Fantasia e horror, ficção científica e quadrinhos são as categorias, e o prêmio para o primeiro colocado é de R$ 10 mil, além da publicação do livro pela Pipoca & Nanquim editora.  É o que se vê nas bienais: aquelas em que jovens de escolas públicas carregam vales-livros, podendo levar para casa as obras que escolhem livremente. Eles querem imersão nas histórias de reinos distópicos, e não se interessam por Machado de Assis e Lygia Fagundes Teles, autores empurrados goela abaixo por muitas escolas. O caso é polêmico: há quem ache que o ensino não pode prescindir dos clássicos, há os que prefiram oferecer o que dá prazer a esse público e possa “ensinar” a gostar de ler antes da leitura dos renomados.

Ao participar da Bienal Mineira do Livro, numa mesa sobre poesia, eu mesma abordei o hiato que existe para os jovens no que concerne e esse gênero literário. Crianças adoram poesia, rimas, ritmo, histórias construídas em versos rimados. E é bem provável, o que costuma acontecer, o retorno ao gosto pelo poético geralmente depois dos 25 anos. Mas nesse intervalo, na pré e na adolescência, são poucos os que escrevem e leem poesia.

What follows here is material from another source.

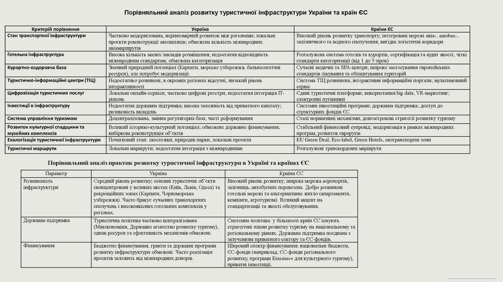 Порівняльний аналіз практик розвитку туристичної інфраструктури в Україні та країнах ЄС

Essa transição entre infância e idade adulta é o que analisa Freddy Gonçalves da Silva no seu livro Nostalgia do vazio: a leitura como espaço de pertencimento dos adolescentes, com ensaios em que relata experiências em clubes de leitura de países da América do Sul. Por mim, se os jovens querem ler fantasia, livros associados a séries da Netflix, Amazon Prime e similares, que seja. Melhor isso do que ficarem longe dos livros – defendo, como alguém que aprendeu a gostar de ler pelas revistinhas do Walt Disney na casa de um tio.

Mas os jovens escritores não se restringem a esse universo. João Gabriel Paulsen venceu o Prêmio Sesc de Literatura em 2019 com apenas 19 anos, e teve o livro O doce e o amargo publicado pela Editora Record. Do que se trata? Da contradição, uma história existencialista escrita sob influência do escritor Albert Camus, o francês nascido na Argélia.  Ou seja, pode ser lido por qualquer idade.

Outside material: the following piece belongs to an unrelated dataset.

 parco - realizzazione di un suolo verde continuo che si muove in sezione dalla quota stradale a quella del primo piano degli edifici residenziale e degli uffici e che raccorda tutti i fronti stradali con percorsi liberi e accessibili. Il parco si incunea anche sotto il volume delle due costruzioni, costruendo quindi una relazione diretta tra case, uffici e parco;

Quem sabe o neto do escritor Otto Lara Resende, o músico carioca Gab Lara, lançando um álbum com músicas que lembram o Clube da Esquina, vá se tornar também um jovem letrado com perfil destoante do Geek.  Jovens leem, jovens escrevem, e todo caminho para isso deve ser alargado.

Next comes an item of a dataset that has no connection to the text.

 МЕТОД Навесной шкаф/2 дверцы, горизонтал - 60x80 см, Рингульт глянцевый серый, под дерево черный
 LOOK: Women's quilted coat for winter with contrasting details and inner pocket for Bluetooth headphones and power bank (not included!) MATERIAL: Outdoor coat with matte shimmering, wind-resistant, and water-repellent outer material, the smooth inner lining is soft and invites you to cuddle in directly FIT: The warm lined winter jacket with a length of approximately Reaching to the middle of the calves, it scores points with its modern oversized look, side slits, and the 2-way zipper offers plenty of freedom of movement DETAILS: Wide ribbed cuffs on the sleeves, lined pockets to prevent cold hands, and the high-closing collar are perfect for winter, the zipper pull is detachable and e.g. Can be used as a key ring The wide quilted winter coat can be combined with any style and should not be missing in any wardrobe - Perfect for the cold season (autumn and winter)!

*Leida Reis é autora de oito livros publicados – dentre eles o romance “A invenção do crime” pela editora Record e “A casa dos poetas minerais” -, sendo três para crianças. Criadora do Clube do Livro Infantil Solidário (Clis) e da Mercearioteca (biblioteca comunitária em BH), fundadora da Páginas Editora, com experiência em curadoria de eventos literários e jurada de prêmios. É também jornalista formada pela UFMG, com 27 anos de atuação.

2 comentários

  1. Perfeita essa visão. Eu sempre achei violento e desestimulante enfiar Guimarães Rosa e Machado de Assis goela abaixo dos jovens estudantes. É preciso algo intermediário (assim como a adolescência é um estágio intermediário) a fim de que os jovens sejam fisgados e desenvolvam o gosto pela leitura. Quando adultos vão apreciar os grandes autores.